Rhoscolyn is a village located on Holy Island, Anglesey, Wales. It is just over five miles south of Holyhead and is the most southerly settlement on the island. The name Rhoscolyn is said to mean “The Moor” (Rhos) of The Column (colyn), referring to a pillar which the Romans put up to mark the edge of their territories.
A little to the west of the village is a mediaeval well dedicated to St Gwenfaen beside which are the remains of a drystone well house measuring 4.5m east-west by 5.5m. The local church in the village itself is dedicated to the same saint and was first built in the 6th century.
Rhoscolyn is bordered to the south by a small enclosed bay called Borthwen which is bordered by a public beach. There was once a lifeboat station on Borthwen which was open between 1830 and 1929 which has been replaced by a navigational beacon on Ynysoedd Gwylanod (Gulls’ Island). Around these waters at the end of the 18th century was a thriving oyster catching industry but this declined once the beds had been depleted. Existing buildings include the local pub, The White Eagle, reportedly a favourite of Prince William of Wales, and the primary school which is found just over a mile north of the village.

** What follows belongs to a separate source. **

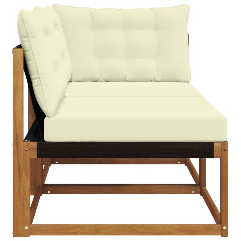 Този комплект мебели за открито преобразява всяка тераса, балкон или градина в стилно и удобно място за релакс, идеално за почивка или социализиране. С модерен и минималистичен дизайн, той предлага гъвкаво разположение, подходящо за различни открити обстановки. Изработен с внимание към детайлите, комплектът подобрява визуалната привлекателност на пространството и осигурява моменти на спокойствие и елегантност. Солидна акациева дървесина: Здравият акациев материал е устойчив на атмосферни условия и предлага надеждност и дълготрайност. Натуралният нюанс на дървото добре се вписва в открития декор, като е функционален и стилен избор за вашата тераса. Удобни възглавници: Всяка част идва с възглавници от полиестер, които осигуряват комфорт и дълговечност. Тъканта е мека и устойчива на открити условия. Съчетава се с пяна за оптимален комфорт при дълги сесии. Модулярен и гъвкав дизайн: Модулният формат позволява различни подредби в зависимост от пространството и нуждите. Можете да създадете идеалното оформление, независимо дали е компактно или по-голямо за социални събирания. Устойчив на атмосферни условия: Проектиран за външни условия, мебелите предлагат устойчивост на различни атмосферни влияния. Повърхността позволява въздушен поток и помага на материала да изсъхне бързо след дъжд, запазвайки комфорта и издръжливостта. Устойчив материал: Тъканта Textilene е проектирана да не избледнява, дори при слънчево излагане, като запазва визията си с времето. Неговата издръжлива повърхност е устойчива на избледняване и осигурява дълготрайни резултати, дори навън.

Probably the most significant lifeboat incident here was the launch to the ‘Timbo’: On 1/12/1920 a small coaster, the Timbo, was en route to Ireland from Holyhead when she was overcome by a storm off South Stack and began to drift down the coast. The lifeboat was launched, with great difficulty in the heavy seas, and made a number of attempts to get a line aboard her, without success, until the cox decided no more could be done and the lifeboat started its return journey, from a point close to Llanddwyn Island. The lifeboat capsized and 5 of the 13 man crew were lost, and, a little later, 4 men from the Timbo as well. The ship eventually became stranded at Dinas Dinlle, was eventually refloated with the use of tugs until she struck the Carreg y Trai (Ebb Rocks) reef off Abersoch and was lost.